This is an implementation of the Progressive Dynamic Hurdles (PDH) algorithm that was presented in the Evolved Transformer paper. A toy problem is used to compare the algorithm to plain evolution.

Toy Search Space

This is a toy problem meant to simulate the architecture search problem presented in the paper. It is adapted from the toy problem presented by Real et al. (2018) with code based off of

A key difference here is that there is not a single function used to compute all fitnesses. Instead there are two fitness functions, depending on how many steps a Model is allowed to "train" for:

1) get_final_accuracy(): simulates the fitness computation of a model that has been trained for a hypothetical maximum number of train steps.

2) get_early_accuracy(): simulates the fitness computation of a model that has been trained for 1/100th the hypothetical maximum number of train steps.

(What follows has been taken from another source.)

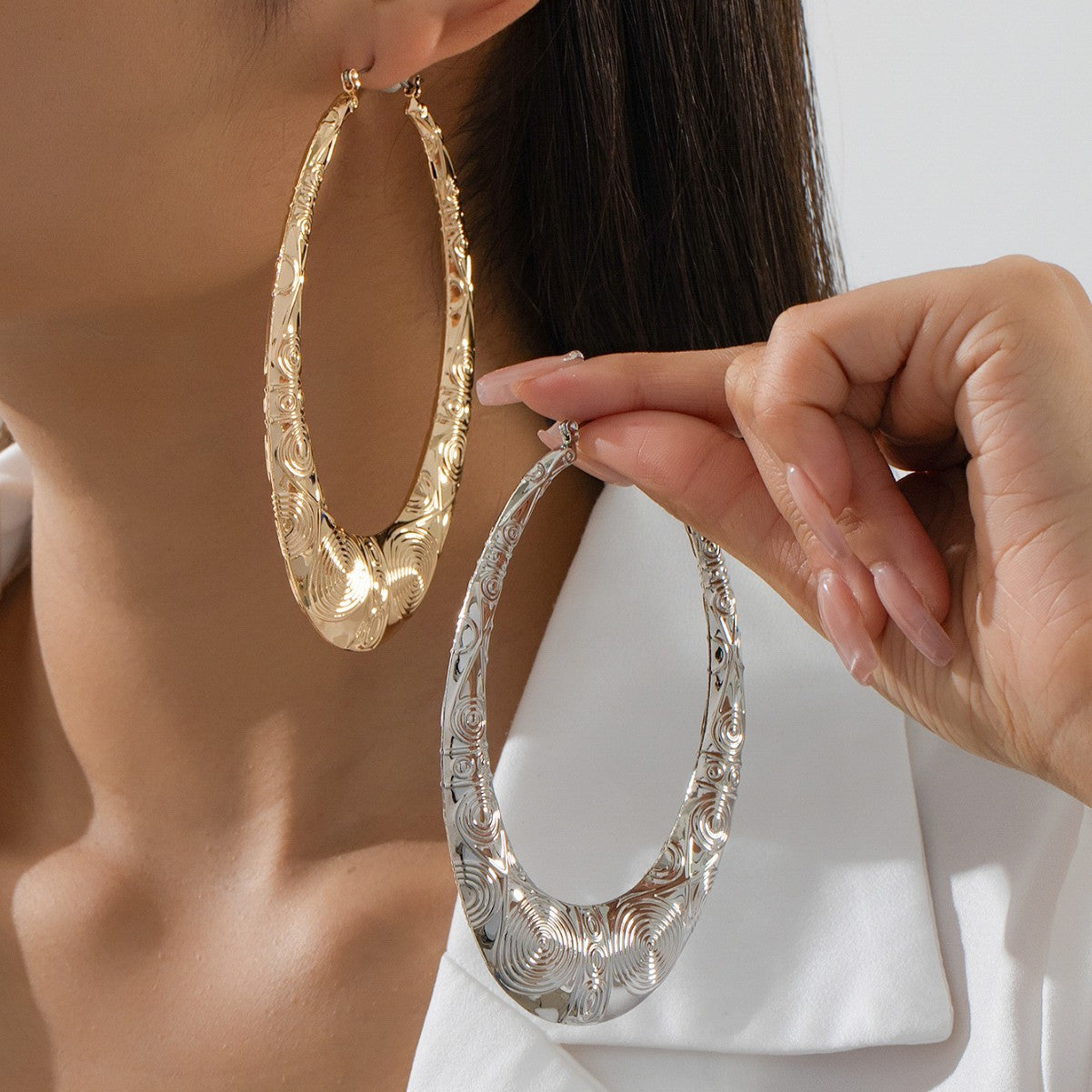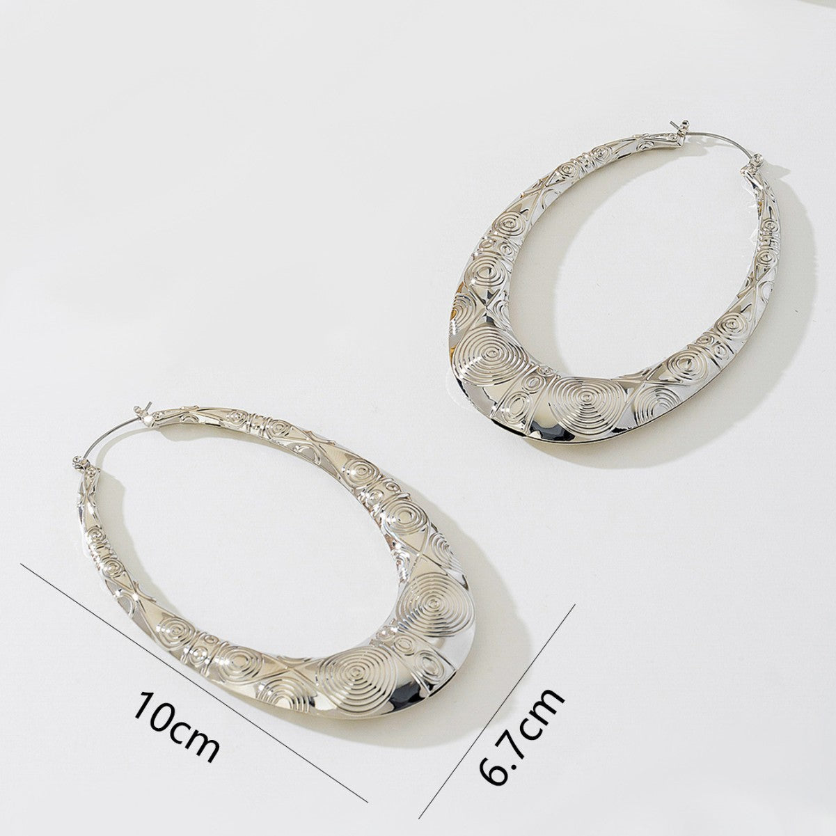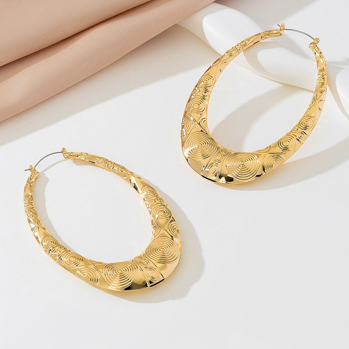 Retro Oval Metal Earrings for Women – Geometric Textured Fashion Jewelry -
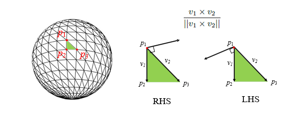※ normal vector는 vertex들의 저장 순서(CW or CCW; 어느 좌표계를 쓰는지)에 따라 다른 방향으로 나올 수 있음.

Having two different fitnesses for two different number of train steps is necessary to apply the PDH algorithm. In line with this, each Model also has two accuracies: an observed_accuracy, which is what we observe when the model is evaluated during the search, and a true_accuracy, which is the accuracy the model achieves when it is trained for the maximum number of train steps.


In [0]:
DIM = 100  # Number of bits in the bit strings (i.e. the "models").
NOISE_STDEV = 0.01  # Standard deviation of the simulated training noise.
EARLY_SIGNAL_NOISE = 0.005  # Standard deviation of the noise added to earlier
                            # observations.
REDUCTION_FACTOR = 100.0  # The factor by which the number of train steps is
                          # reduced for earlier observations.

class Model(object):
  """A class representing a model.

  Attributes:
    arch: the architecture as an int representing a bit-string of length `DIM`.
        As a result, the integers are required to be less than `2**DIM`. 
    observed_accuracy: the simulated validation accuracy observed for the model
        during the search. This may be either the accuracy after training for
        the maximum number of steps or the accuracy after training for 1/100 the
        maximum number of steps.
    true_accuracy: the simulated validation accuracy after the maximum train
        steps.
  """
  def __init__(self):
    self.arch = None
    self.observed_accuracy = None
    self.true_accuracy = None

  
def get_final_accuracy(arch):
  """Simulates training for the maximum number of steps and then evaluating.
  
  Args:
    arch: the architecture as an int representing a bit-string.
  """
  accuracy =  float(_sum_bits(arch)) / float(DIM)
  accuracy += random.gauss(mu=0.0, sigma=NOISE_STDEV)
  accuracy = 0.0 if accuracy < 0.0 else accuracy
  accuracy = 1.0 if accuracy > 1.0 else accuracy
  return accuracy
          
  
def get_early_accuracy(final_accuracy):
  """Simulates training for 1/100 the maximum steps and then evaluating.
  
  Args:
    final_accuracy: the accuracy of the model if trained for the maximum number
        of steps.
  """
  observed_accuracy = final_accuracy/REDUCTION_FACTOR + random.gauss(mu=0,
      sigma=EARLY_SIGNAL_NOISE)
  observed_accuracy = 0.0 if observed_accuracy < 0.0 else observed_accuracy
  observed_accuracy = 1.0 if observed_accuracy > 1.0 else observed_accuracy
  return observed_accuracy
           

def _sum_bits(arch):
  """Returns the number of 1s in the bit string.
  
  Args:
    arch: an int representing the bit string.
  """
  total = 0
  for _ in range(DIM):
    total += arch & 1
    arch = (arch >> 1)
  return total

In [0]:
import random

def random_architecture():
  """Returns a random architecture (bit-string) represented as an int."""
  return random.randint(0, 2**DIM - 1)

def mutate_arch(parent_arch):
  """Computes the architecture for a child of the given parent architecture.

  Args:
    parent_arch: an int representing the architecture (bit-string) of the
        parent.

  Returns:
    An int representing the architecture (bit-string) of the child.
  """
  position = random.randint(0, DIM - 1)  # Index of the bit to flip.
  
  # Flip the bit at position `position` in `child_arch`.
  child_arch = parent_arch ^ (1 << position)
  
  return child_arch

Search Algorithms

Here we implement both plain evolution and evolution + Progressive Dynamic Hurdles.


In [0]:
import collections
import random
import copy


def plain_evolution(cycles, population_size, sample_size, early_observation):
  """Plain evolution.
  
  Args:
    cycles: the number of cycles the search is run for.
    population_size: the size of the population.
    sample_size: the size of the sample for both parent selection and killing.
    early_observation: boolean. Whether or not we are observing the models early
        by evaluating them for 1/100th the maximum number of train steps.
  """
  population = collections.deque()
  history = []  # Not used by the algorithm, only used to report results.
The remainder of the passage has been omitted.